The Minimal Valid Skill
my-skill/
SKILL.md ← Required. Contains frontmatter + instructions.
scripts/ ← Optional. Executable code Codex can invoke.
references/ ← Optional. Long-form docs, spec files.
assets/ ← Optional. Templates, example outputs.The SKILL.md frontmatter must include name and description:
---
name: deploy-vercel
description: >
Deploy the current web app to Vercel. Use when the user asks to deploy,
publish, or ship to Vercel. Do NOT trigger for staging deployments or
when a different cloud provider is mentioned.
---
## Steps
1. Run `vercel --prod` from the project root.
2. Capture the deployment URL.
3. Post the URL back to the user in the format: "Deployed: <url>"The description is the single most important field. The name and description are the primary signals Codex uses to decide whether to invoke the skill at all. If these are vague or overloaded, the skill won't trigger reliably.
Skill Design Pattern: Inputs → Tools → Outputs
Every well-designed skill answers three questions: what does it receive, what does it call, and what does it produce?
A durable structure to follow: encode the workflow — steps, guardrails, templates — in a skill; mount the skill into your shell environment; have the agent follow the skill to produce artifacts deterministically.
The I → T → O Template
| Layer | What to Define | Example |
|---|---|---|
| Inputs | Files, env vars, explicit user params | $BRANCH_NAME, open PR diff, a Figma URL |
| Tools | MCP connections, shell scripts, APIs | linear MCP, scripts/run-tests.sh |
| Outputs | Artifact path, format, commit message | /mnt/data/report.md, structured JSON |
The outputs matter more than most engineers expect. This pattern creates a clean review boundary: your app can show the artifact to the user, log it, diff it, or feed it into a later step.
Instruction vs. Script: Which Do You Need?

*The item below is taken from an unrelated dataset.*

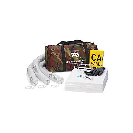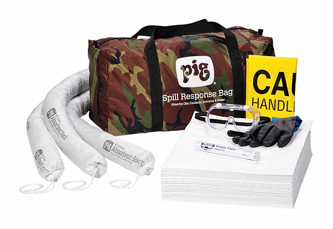 Versatile portable oil spill kit in a durable camo hunting bag. Kit Container: Portable Bag Fluid Absorbed: Oil-Based Liquids - Not Water Color: Camo Absorbency: Up to 9.5 gal. High Visibility: No See-Through: No Sold as: 1 each Weight: 11.5 lbs. # per Pallet: 24 Composition: Mat - Polypropylene Socks - Skin - Polypropylene Fillers - Hydrophobic Cellulose; Polypropylene Includes: 3 - ext. dia. 3" x 48" L PIG Oil-Only Absorbent Sock (SKM210) 30 - 15" W x 20" L PIG STAT-MAT Absorbent Pad (MAT214) 1 - 7" L PIG Multi-Purpose Epoxy Putty (PTY201) 1 - Economy Goggles (GLS290-AF) 1 - 13" L SHOWA Chem Master Neoprene Gloves (GLV213-XL) 5 - 18" W x 30" H Polyethylene Disposal Bags (BAG201-S) 1 - Instructions Shelf Life: 730 days UNSPSC: 47131905 UV Resistant: No Wheels: No Wheels

Prefer instructions over scripts unless you need deterministic behavior or external tooling. Here's a practical decision rule:
| Scenario | Use Instructions | Use Scripts |
|---|---|---|
| "Follow these steps in order" | ✅ | |
| "Run this exact shell command" | ✅ | |
| "Parse this JSON response" | ✅ | |
| "Draft a commit message following our conventions" | ✅ |
When you do use scripts, keep them small and focused. A 200-line bash script buried in a skill is a maintenance nightmare. If the logic is complex, reference an existing repo script by path and have the skill invoke it.
Invocation: Explicit vs. Implicit
You can trigger a skill two ways. Explicit invocation: include the skill directly in your prompt — in CLI/IDE, type $skill-name. Implicit invocation: Codex selects a skill automatically when your task matches the skill description.
For team-shared skills that should never fire accidentally, set allow_implicit_invocation: false in agents/openai.yaml. This forces explicit $skill-name syntax and prevents surprise triggers on ambiguous prompts.
Security Guardrails You Must Include
This is where most skill tutorials fall short. I've seen skills deployed to engineering teams that would happily delete production branches if you phrased the prompt wrong. Don't ship that.
Codex security controls come from two layers: sandbox mode (what Codex can do technically, such as where it can write and whether it can reach the network when it executes model-generated commands) and approval policy (when Codex must stop and ask you before acting).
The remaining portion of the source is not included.